We appreciate these advocates for sharing their stories in celebration of Developmental Disabilities Awareness Month. And we value the work they are doing in their communities to ensure we move beyond awareness to effect real progress. Be sure to follow our blog the whole month of March as we highlight advocacy stories from across Maryland!
Parenting inevitably brings both happiness and worry. There are fresh joys and new challenges with each season of life. As the mother of two teenage girls I see them pushing away from home and each other with an eye toward the wider world. Is this any different when you are a sibling to someone with a developmental disability? This week's blogger speaks candidly about growing up with a sibling diagnosed with Fragile X and how she encountered the various seasons of growing up alongside her big brother. Sarah Hochbaum currently works as a Supports Planner with home and community based waivers at The Coordinating Center. She is a board member at The Arc Howard County and a staunch disability advocate in her community. She is also a young adult, wife, millennial, daughter, and little sister!
When you think about having an older sibling, you think about all the cool and exciting stuff they're going to teach you about life. They will be the ones who teach you about music and movies, and what clothes are cool. Therefore, you will be the most fun person to hang out with because everyone will see how amazing and rad your sibling is and want to be your friend too. Woo Hoo!
My experience growing up with a brother with Fragile X encompassed very little of the above listed occurrences. David was a different kind of older brother. At least that's what I thought as a younger person. When I was a toddler, I remember laying in my bed where I was supposed to be napping. For some reason, though, my brother would sit outside of my door and I distinctly remember hearing him tell anyone who came to the door to leave me be-- she needs to rest. As a child, some children in the neighborhood would want to include me in their games, but didn't want my brother to come along. I would insist, however, that he play an integral part in whatever game we had created. Once I reached middle and high school, I started to invite my brother to every weekend excursion my friends and I would take; especially to the local bowling alley because that was my brother's favorite activity.

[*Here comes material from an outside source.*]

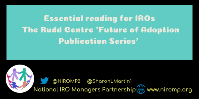 Source: The Rudd Centre, Adoption Research Program Future of Adoption Publication Series – essential reading for IROs Adoption practice, especially with regard to separating birth and adoptive families, has changed dramatically in the past several decades and the latest publication in this Future of Adoption Publication Series addresses the issue of contact. Two papers address … Continue reading Future of Adoption Publication Series | Rudd Adoption Research Program UMassAmherst

But it was also at that time that I started making new friends. And these friends didn't understand how to relate to my brother all the time. David would run up to them and excitedly start telling my friends about his day at school, and they would tell him to leave them alone and walk right past him. I really started to feel like my brother maybe was different. My friends' siblings were all going to college and taking my friends to visit them at their respective campuses. My freshman year of college, I decided maybe it was time to not include him in all my social activities. Friends would call me and I'd go out without him, not caring what he was doing and figuring he'd be better at home with my parents. When I was home for school breaks, I wouldn't even invite him to do things with me because I wanted to be "cool" now; and being "cool and fun" didn't include my brother with Fragile X.
This all changed when I graduated with my Masters in Social Work from Adelphi and moved relatively permanently up to New York. Despite having oodles of fun, lively friends, and endless train rides into Manhattan to go to trendy hot spots-- all I thought about was my brother back at home. Suddenly I realized he was ALWAYS cool enough for me. He was ALWAYS fun and what the heck was I doing all the way in Long Island so far away from him?!?! Back to Maryland I went. Back to my parents, and my oldest friends who knew us best. Most importantly however, I was back running around town with my big bro in the passenger seat. I would never ever have it any other way. And MAN is my big brother cool.